Member of the National Assembly from Seine-et-Marne
- In office 28 November 1946 – 8 December 1958

Member of the Provisional Consultative Assembly
- In office 3 June 1944 – 25 July 1944

Personal details
- Born: Laurent Casanova October 9, 1906 Souk Ahras, French Algeria
- Died: March 20, 1972 (aged 65) Paris, France
- Party: Communist
- Other political affiliations: Francs-Tireurs et Partisans
- Spouse(s): Vincentelli Perini ​ ​(m. 1933; died 1943)​ Claudine Chomat
- Awards: Lenin Peace Prize

= Laurent Casanova =

French politician

Laurent Casanova (9 October 1906 — 20 March 1972) was a French politician and resistance fighter. He was a Communist deputy for Seine-et-Marne from 1945 to 1958 and Minister of Veterans and War Victims in 1946.

==Biography==

===Political career===
Born in Souk Ahras, Algeria and of Corsican origins, Casanova studied law at university in Paris. He became secretary of the Communist cell there, and he entered the underground apparatus of the French Communist Party (PCF) in 1928, when he was just twenty-one years old. By 1936, he had become a close associate of Maurice Thorez, the party's secretary-general. Drafted into the French armed forces in 1939, Casanova was promptly taken prisoner; however, he escaped and resumed contact with the party through an intermediary, Claudine Chomat, in March 1942.

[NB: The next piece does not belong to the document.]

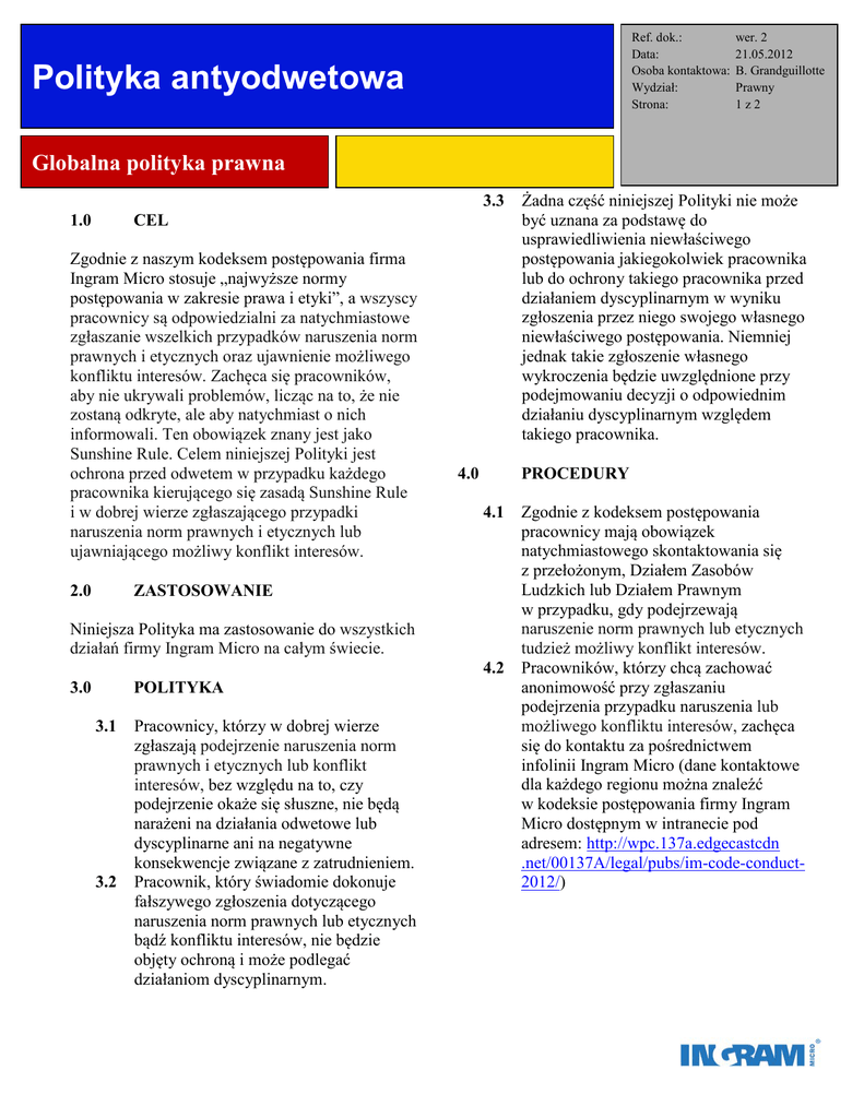 Ref. dok.: Data: Osoba kontaktowa: Wydział: Strona: Polityka antyodwetowa wer. 2 21.05.2012 B. Grandguillotte Prawny 1z2 Globalna polityka prawna 3.3 1.0 CEL Zgodnie z naszym kodeksem postępowania firma Ingram Micro stosuje „najwyższe normy postępowania w zakresie prawa i etyki”, a wszyscy pracownicy są odpowiedzialni za natychmiastowe zgłaszanie wszelkich przypadków naruszenia norm prawnych i etycznych oraz ujawnienie możliwego konfliktu interesów. Zachęca się pracowników, aby nie ukrywali problemów, licząc na to, że nie zostaną odkryte, ale aby natychmiast o nich informowali. Ten obowiązek znany jest jako Sunshine Rule. Celem niniejszej Polityki jest ochrona przed odwetem w przypadku każdego pracownika kierującego się zasadą Sunshine Rule i w dobrej wierze zgłaszającego przypadki naruszenia norm prawnych i etycznych lub ujawniającego możliwy konflikt interesów. 2.0 ZASTOSOWANIE Niniejsza Polityka ma zastosowanie do wszystkich działań firmy Ingram Micro na całym świecie. 3.0 POLITYKA 3.1 3.2 Pracownicy, którzy w dobrej wierze zgłaszają podejrzenie naruszenia norm prawnych i etycznych lub konflikt interesów, bez względu na to, czy podejrzenie okaże się słuszne, nie będą narażeni na działania odwetowe lub dyscyplinarne ani na negatywne konsekwencje związane z zatrudnieniem. Pracownik, który świadomie dokonuje fałszywego zgłoszenia dotyczącego naruszenia norm prawnych lub etycznych bądź konfliktu interesów, nie będzie objęty ochroną i może podlegać działaniom dyscyplinarnym. 4.0 Żadna część niniejszej Polityki nie może być uznana za podstawę do usprawiedliwienia niewłaściwego postępowania jakiegokolwiek pracownika lub do ochrony takiego pracownika przed działaniem dyscyplinarnym w wyniku zgłoszenia przez niego swojego własnego niewłaściwego postępowania. Niemniej jednak takie zgłoszenie własnego wykroczenia będzie uwzględnione przy podejmowaniu decyzji o odpowiednim działaniu dyscyplinarnym względem takiego pracownika. PROCEDURY Zgodnie z kodeksem postępowania pracownicy mają obowiązek natychmiastowego skontaktowania się z przełożonym, Działem Zasobów Ludzkich lub Działem Prawnym w przypadku, gdy podejrzewają naruszenie norm prawnych lub etycznych tudzież możliwy konflikt interesów. 4.2 Pracowników, którzy chcą zachować anonimowość przy zgłaszaniu podejrzenia przypadku naruszenia lub możliwego konfliktu interesów, zachęca się do kontaktu za pośrednictwem infolinii Ingram Micro (dane kontaktowe dla każdego regionu można znaleźć w kodeksie postępowania firmy Ingram Micro dostępnym w intranecie pod adresem: http://wpc.137a.edgecastcdn .net/00137A/legal/pubs/im-code-conduct2012/) 4.1 Ref. dok.: Data: Osoba kontaktowa: Wydział: Strona: Polityka antyodwetowa wer. 2 21.05.2012 B. Grandguillotte Prawny 2z2 Globalna polityka prawna 4.3 Pracownik, który ma zasadne powody, by sądzić, że podjęto wobec niego działania odwetowe w związku z ujawnieniem przez niego przypadku naruszenia norm prawnych lub etycznych bądź możliwego konfliktu interesów, powinien niezwłocznie poinformować o tym Głównego Radcę Prawnego (General Counsel), Dyrektora ds. Zgodności (Chief Compliance Officer) lub Wiceprezesa ds. Zasobów Ludzkich (Executive Vice President of Human Resources). ODPOWIEDZIALNOŚĆ 5.0 Każdy pracownik jest odpowiedzialny za zapewnienie przestrzegania niniejszej Polityki. DZIAŁANIA DYSCYPLINARNE 6.0 Pracownik, który naruszył zasady niniejszej Polityki, podlega postępowaniu dyscyplinarnemu mogącemu skutkować wydaleniem z pracy. 7.0 DOKUMENTY POWIĄZANE 7.1 7.2 8.0 Kodeks postępowania Ingram Micro Polityka dotycząca zgłoszeń za pośrednictwem infolinii HISTORIA ZMIAN Niniejsza wersja jest drugą wersją Polityki. Wersja 1 została wydana 11 marca 2011 r. 9.0 ZATWIERDZENIE Data: 21.05.12 Zatwierdzenie: W aktach ______________________________________ Alain Monié CEO Data: 21.05.12 Zatwierdzenie: W aktach ______________________________________ Larry Boyd Executive VP, Secretary & General Counsel

Initially, he worked in the communist resistance with Pierre Villon, a period during which he met Pablo Picasso and Louis Aragon. He then served the National Military Committee of the FTP (Francs-Tireurs et Partisans), whose leader, Charles Tillon, proposed Casanova as the FTP's representative to the Provisional Consultative Assembly of 1944 in Algiers, but he never attended.

At the time of the liberation (August 1944), he was elected to be a delegate for Seine-et-Marne to two national constituent assemblies and then to the National Assembly of France itself, a position he held for the duration of the French Fourth Republic (1946–1958). He was Minister for Veterans and War Victims in the provisional governments of Félix Gouin and Georges Bidault from 26 January to 8 July 1946.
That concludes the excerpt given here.